» PROVIDED ENTRIES
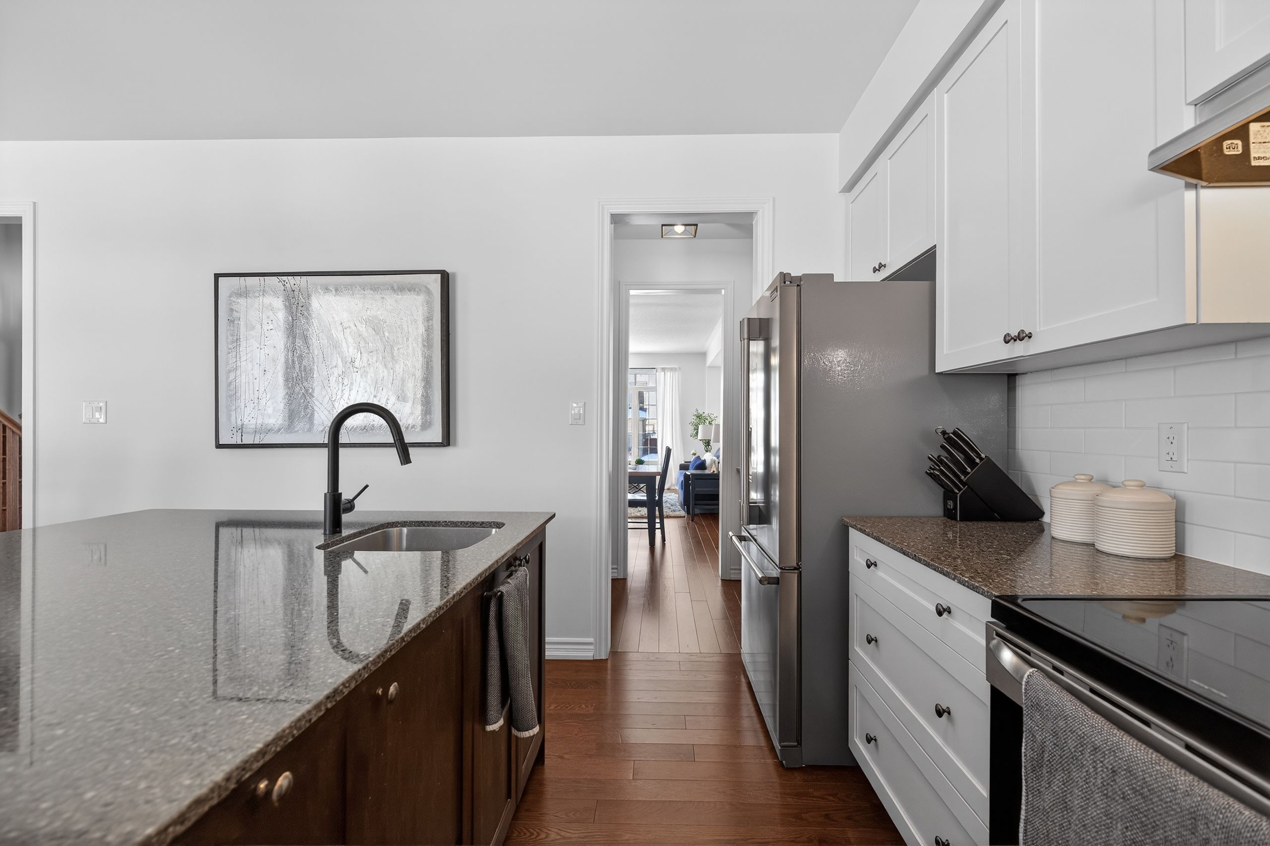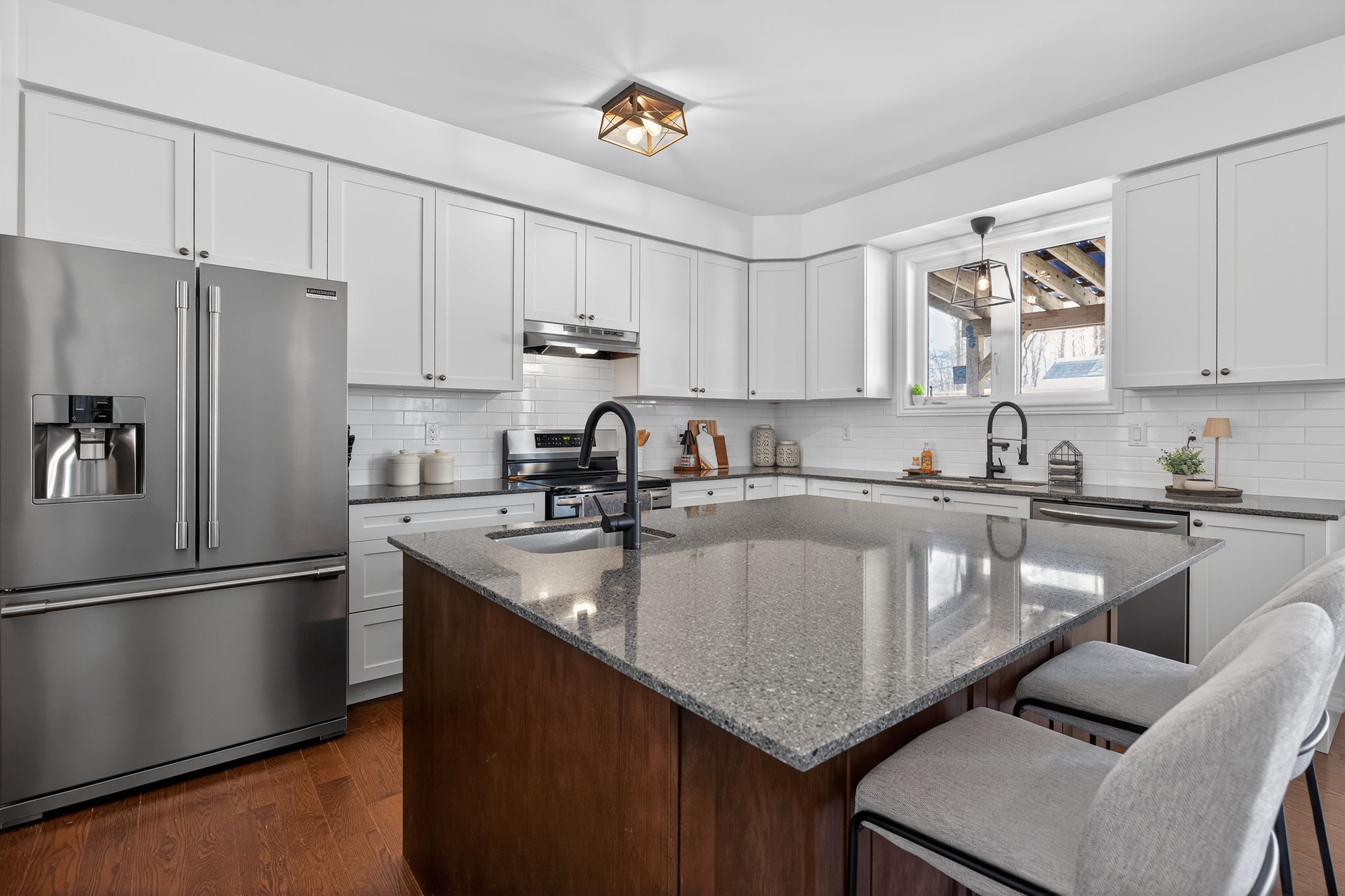 • Chef-inspired kitchen features quartz countertops and a large island.
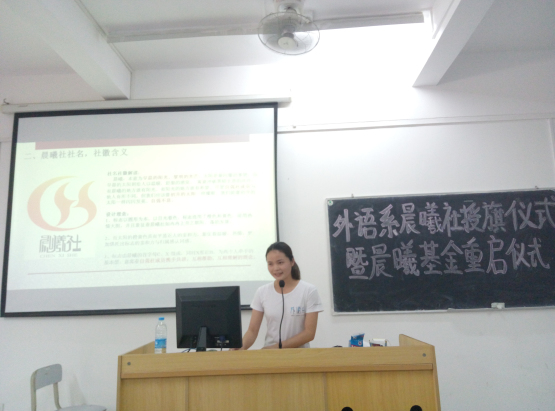外语系晨曦义教队队长钟淑华同学郑重宣布外语系晨曦基金会重启,并为与会人员介绍了基金会的组织架构及基金相关章程,包括基金会成立的目的,意义,管理、使用制度,资金来源、用途及申请流程。
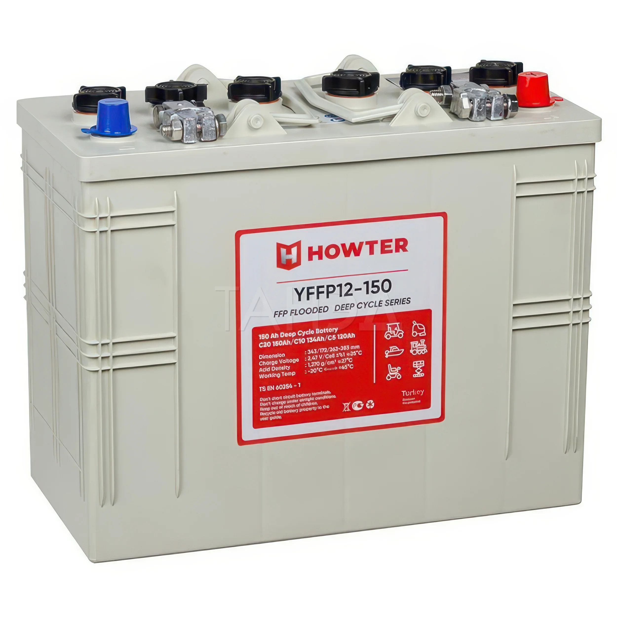 Тяговый аккумулятор HOWTER FFP 12 150 – это свинцово-кислотная батарея глубокого разряда. Показатель напряжения 12 В, емкость 150 Ач, вес АКБ 43,0 кг.
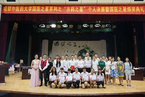 来自临床医学院、针灸推拿学院以及药学院的15名选手经过数轮PK成功晋级决赛。决赛经过“初露锋芒”、“本草识别”、“背水一战”和“绝地反击”四个环节的激烈角逐,高翔等十名同学获得了“方药之星”称号;李代乾等五名同学获得了“优秀奖”。黄巍老师代表评委对此次比赛做出精彩点评。她指出,“国医之星”系列活动经过多年的蓬勃发展,早已深入人心,该活动在激发学生学习热情、提升学生学习成绩方面已取得了令人瞩目的成效。最后,嘉宾为本次比赛获奖者及年度“国医之星”称号获得者颁发荣誉证书,学校2014-2015年度“国医之星”系类活动划上圆满句号。
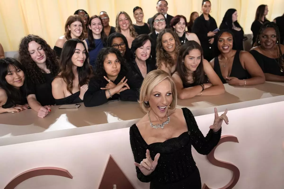 Marlee Matlin arrives at the Oscars on Sunday, March 2, 2025, at the Dolby Theatre in Los Angeles. (AP Photo/John Locher)
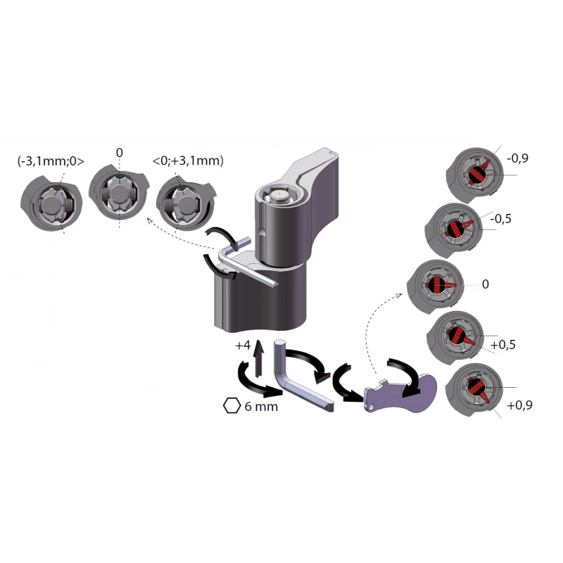 - Regulacja 3D: Pełna kontrola pionu, poziomu i docisku bez konieczności demontażu skrzydła.
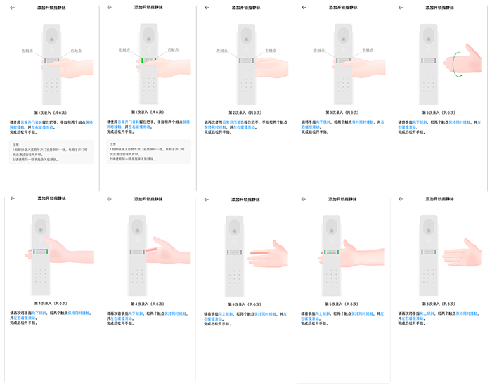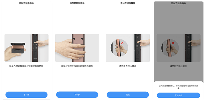 录入的过程一共有6步,按照提示一步一步往后操作即可,有一些使用技巧还是需要注意的。通过实际测试来说,使用方法正确基本是“百发百中”,而之前我用鹿客S50M的时候总是奇怪为什么解锁成功率不是百分之百,这次仔细研究了以后才发现,用习惯了指纹锁,会用手指用力的摁住指纹解锁区域,指静脉则不需要用力,轻触即可解决问题。
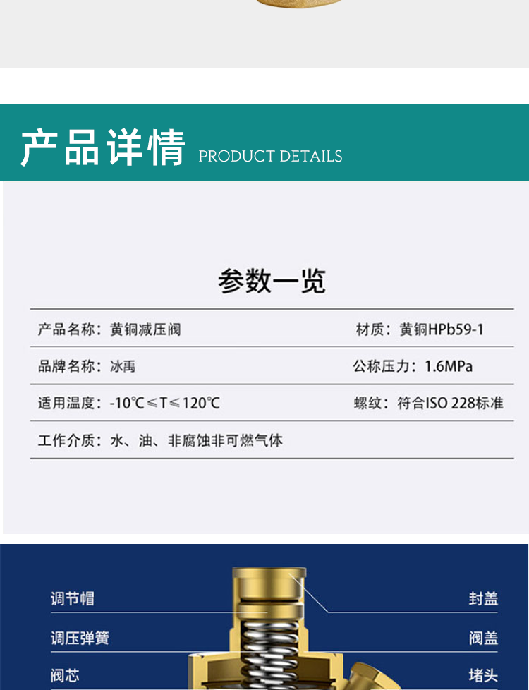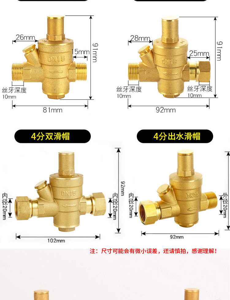 冰禹 双内丝黄铜减压阀 BYyc-173 DN15 出水滑帽 1个
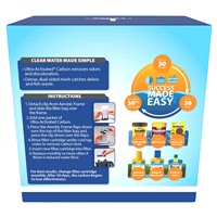 Keeps water crystal clear and removes odors and discoloration. Easy to assemble. This economy pack has 8 large cartridges.
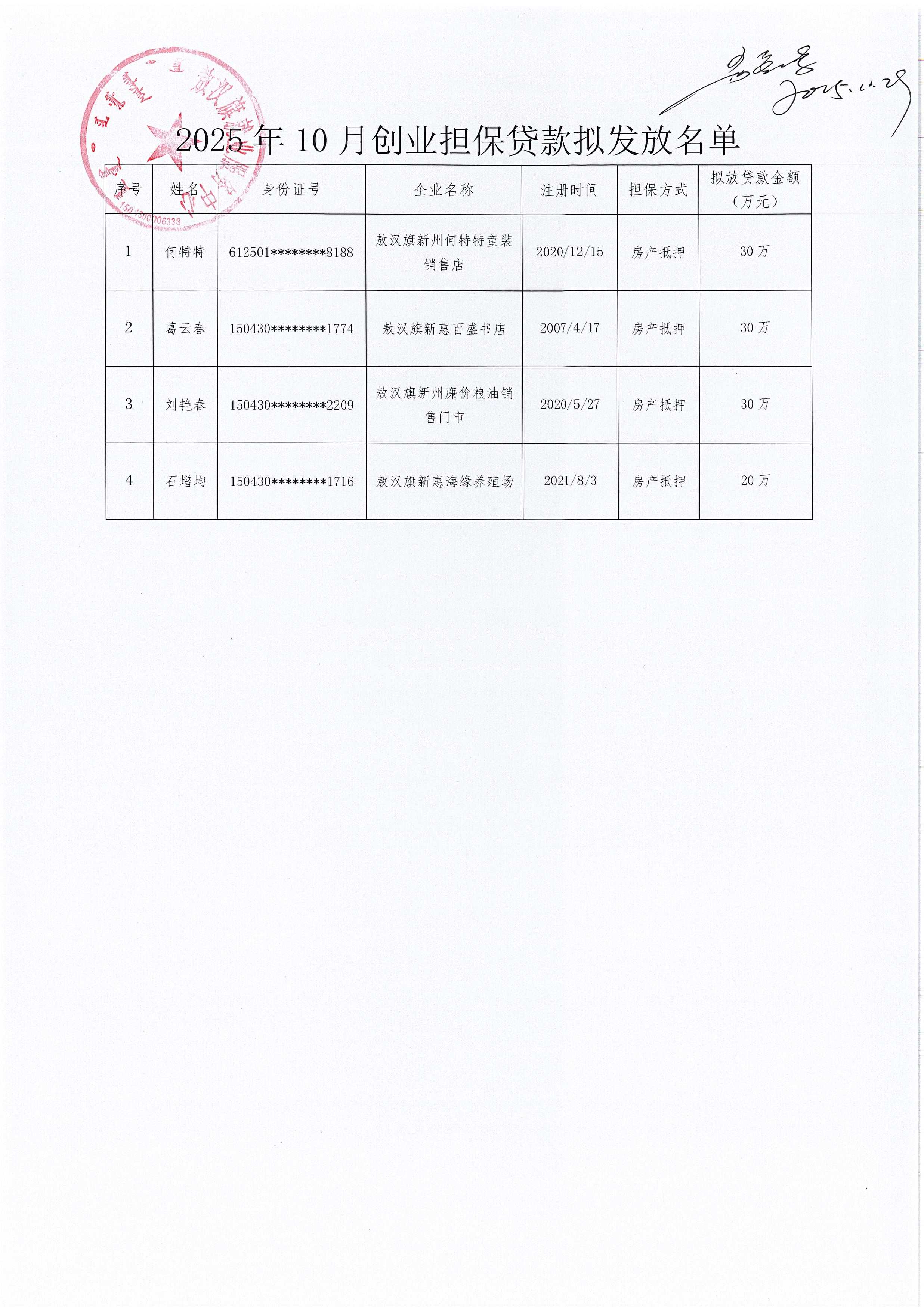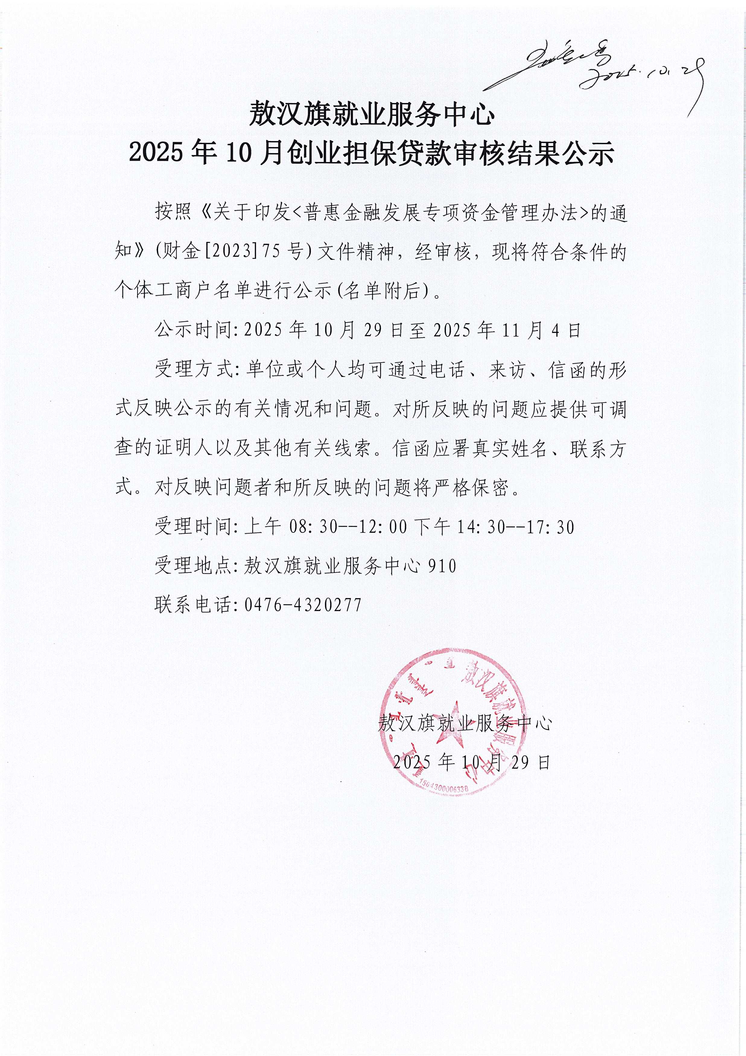 敖汉旗就业服务中心2025年10月创业担保贷款审核结果公示
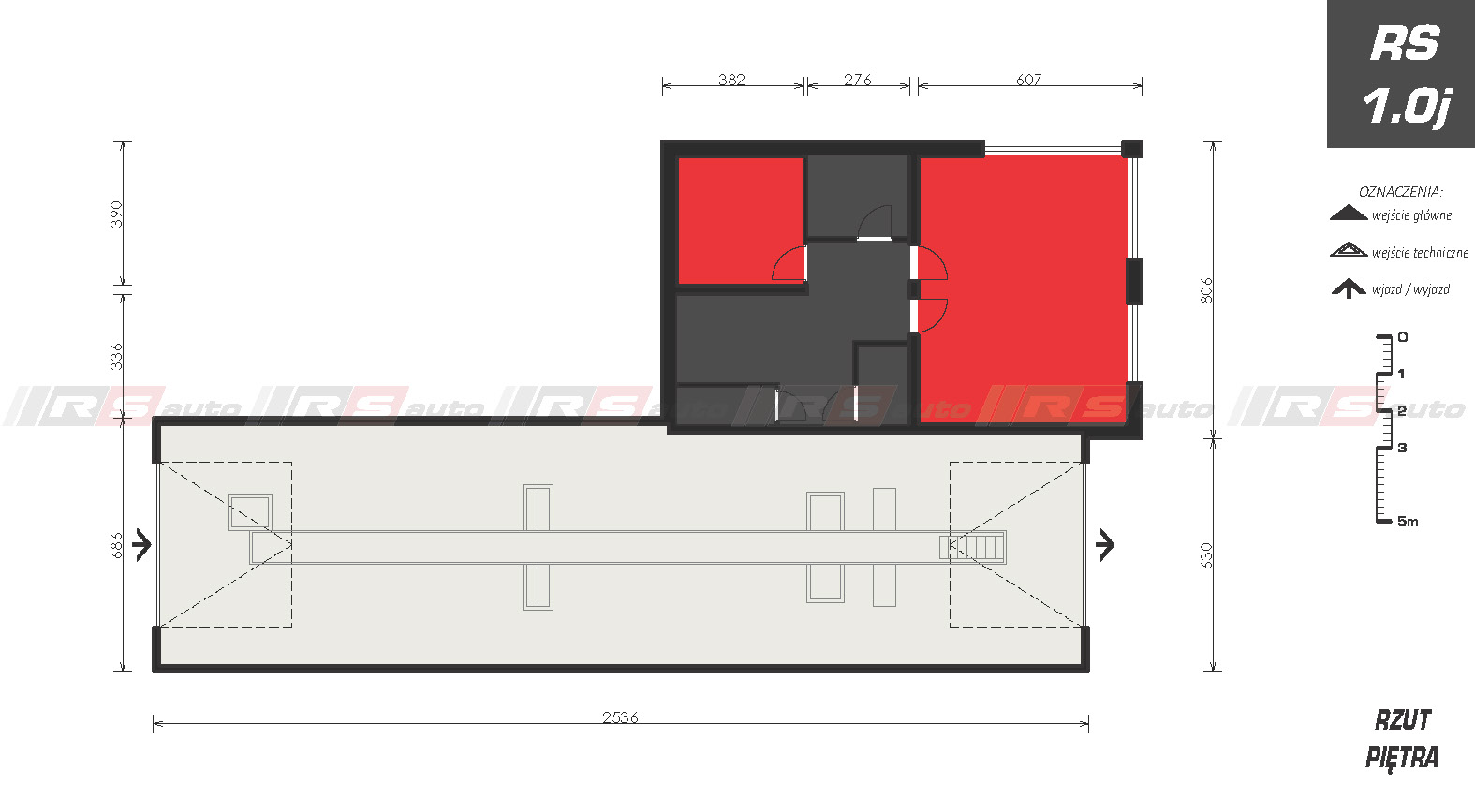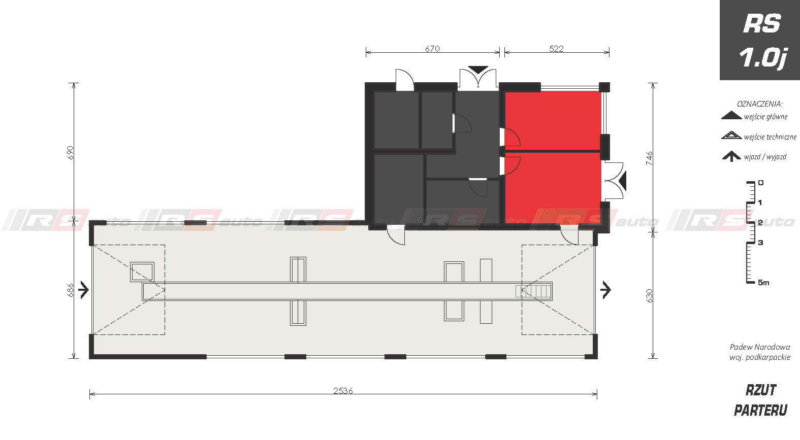 Budynek Okręgowej Stacji Kontroli Pojazdów z jednym stanowiskiem diagnostycznym, zaprojektowany został w technologii mieszanej, cześć socjalno – biurowa – tradycyjna, murowana, część diagnostyczna – szkieletowa. Dwukondygnacyjny w części biurowej z zapleczem biurowym, poczekalnią dla klientów i pomieszczeniami technicznymi, socjalnymi przeznaczonymi dla pracowników stacji, z osobnym wejściem. Długość budynku pozwala na odpowiednie umiejscowienie kanału diagnostycznego oraz wszystkich niezbędnych urządzeń potrzebnych w OSKP.

» INSTRUCTIONS FOR THE TASK
When a line carries an image, skip the image and repeat everything else above exactly as written.

» REPLY
 • Chef-inspired kitchen features quartz countertops and a large island.
外语系晨曦义教队队长钟淑华同学郑重宣布外语系晨曦基金会重启,并为与会人员介绍了基金会的组织架构及基金相关章程,包括基金会成立的目的,意义,管理、使用制度,资金来源、用途及申请流程。
 Тяговый аккумулятор HOWTER FFP 12 150 – это свинцово-кислотная батарея глубокого разряда. Показатель напряжения 12 В, емкость 150 Ач, вес АКБ 43,0 кг.
 来自临床医学院、针灸推拿学院以及药学院的15名选手经过数轮PK成功晋级决赛。决赛经过“初露锋芒”、“本草识别”、“背水一战”和“绝地反击”四个环节的激烈角逐,高翔等十名同学获得了“方药之星”称号;李代乾等五名同学获得了“优秀奖”。黄巍老师代表评委对此次比赛做出精彩点评。她指出,“国医之星”系列活动经过多年的蓬勃发展,早已深入人心,该活动在激发学生学习热情、提升学生学习成绩方面已取得了令人瞩目的成效。最后,嘉宾为本次比赛获奖者及年度“国医之星”称号获得者颁发荣誉证书,学校2014-2015年度“国医之星”系类活动划上圆满句号。
 Marlee Matlin arrives at the Oscars on Sunday, March 2, 2025, at the Dolby Theatre in Los Angeles. (AP Photo/John Locher)
 - Regulacja 3D: Pełna kontrola pionu, poziomu i docisku bez konieczności demontażu skrzydła.
 录入的过程一共有6步,按照提示一步一步往后操作即可,有一些使用技巧还是需要注意的。通过实际测试来说,使用方法正确基本是“百发百中”,而之前我用鹿客S50M的时候总是奇怪为什么解锁成功率不是百分之百,这次仔细研究了以后才发现,用习惯了指纹锁,会用手指用力的摁住指纹解锁区域,指静脉则不需要用力,轻触即可解决问题。
 冰禹 双内丝黄铜减压阀 BYyc-173 DN15 出水滑帽 1个
 Keeps water crystal clear and removes odors and discoloration. Easy to assemble. This economy pack has 8 large cartridges.
 敖汉旗就业服务中心2025年10月创业担保贷款审核结果公示
 Budynek Okręgowej Stacji Kontroli Pojazdów z jednym stanowiskiem diagnostycznym, zaprojektowany został w technologii mieszanej, cześć socjalno – biurowa – tradycyjna, murowana, część diagnostyczna – szkieletowa. Dwukondygnacyjny w części biurowej z zapleczem biurowym, poczekalnią dla klientów i pomieszczeniami technicznymi, socjalnymi przeznaczonymi dla pracowników stacji, z osobnym wejściem. Długość budynku pozwala na odpowiednie umiejscowienie kanału diagnostycznego oraz wszystkich niezbędnych urządzeń potrzebnych w OSKP.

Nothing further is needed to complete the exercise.